Was it possible otters would happily settle in their new home and abandon the habits of centuries? And whom did this project benefit? Some said the oil companies, with a string of valuable offshore rigs nearby, wanted them moved for their own protection in the event of a spill. Some said the military, with a key base on the area, wanted them moved to prevent obstruction of vessels. It became clear that the weeks I’d set aside for research might not be sufficient to the task before I could begin writing. Little did I know at the time that the research would extend for three years, involve scores of interviews, and give me the chance to work both with the director of the sea otter rescue program at the Monterey Bay Aquarium as well as with the Department of Fish and wildlife who monitor the wild population.

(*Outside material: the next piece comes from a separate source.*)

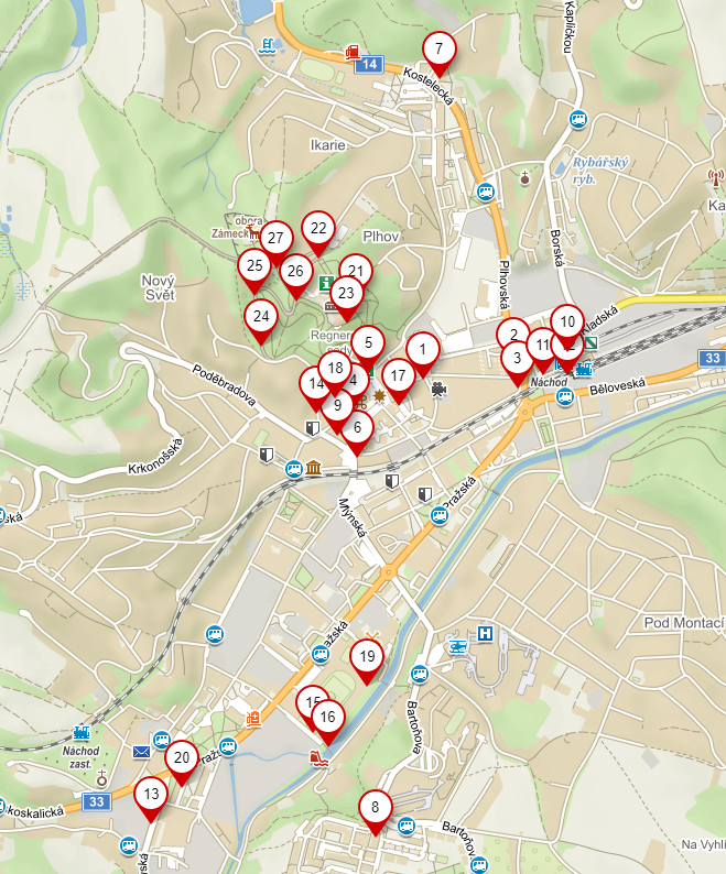 22. Zámek (Smiřických č.p. 272) Galerie výtvarného umění - monitoruje příjezdovou komunikaci ul. Smiřických, nově upravený park u galerie, chodníky směrem k nádvoří u medvědů

And here’s something more I discovered about the otters’ “play” and how it fits like a perfect puzzle piece in the local ecology. A particular favorite in their diet is urchin. And here’s one of nature’s brilliant full-circle designs. Kelp forests form the home for sea otters and many other species along the coastlines. Urchins attach themselves to the holdfasts—the root system—of the kelp stipes, or branches. Unless the urchin are kept in check, they can destroy an entire kelp forest more quickly than one might think possible. Enter the sea otter, who plucks the urchin away from holdfasts for a tasty snack, thus saving its own and its fellow coastal dwellers’ home.
So here was this cute, inventive, self-sufficient creature who was an “index species”—that is, one whose presence was a key to the ecological well-being of its own region. I was liking these furry, sweet-faced critters even more than I thought I would.
There is, however, more than just cuteness and play where sea otters are concerned. They’re serious about capturing their food, and underwater footage shows how efficiently they can use their claws to dig out their prey. And when it comes to protecting their young, they can be every bit as vicious as any mammal in the wild. This side of their nature is made evident in my story (spoiler alert) so don’t be taken in by the adorable faces on the cover and read my novella to your child. This is not a children’s book, but a tale for adult readers.
So, yes, the word “play” is as deceptively simple and as richly complex for otters as it is for humans. You might say otters, with their obvious intelligence and cleverness, really know how to use their heads. But what will endear them to you when you read my story is how they reveal their hearts. When you visit Milford-Haven, I hope you’ll enjoy exploring our fellow coastal inhabitants, and find out how much is at stake . . . When Otters Play.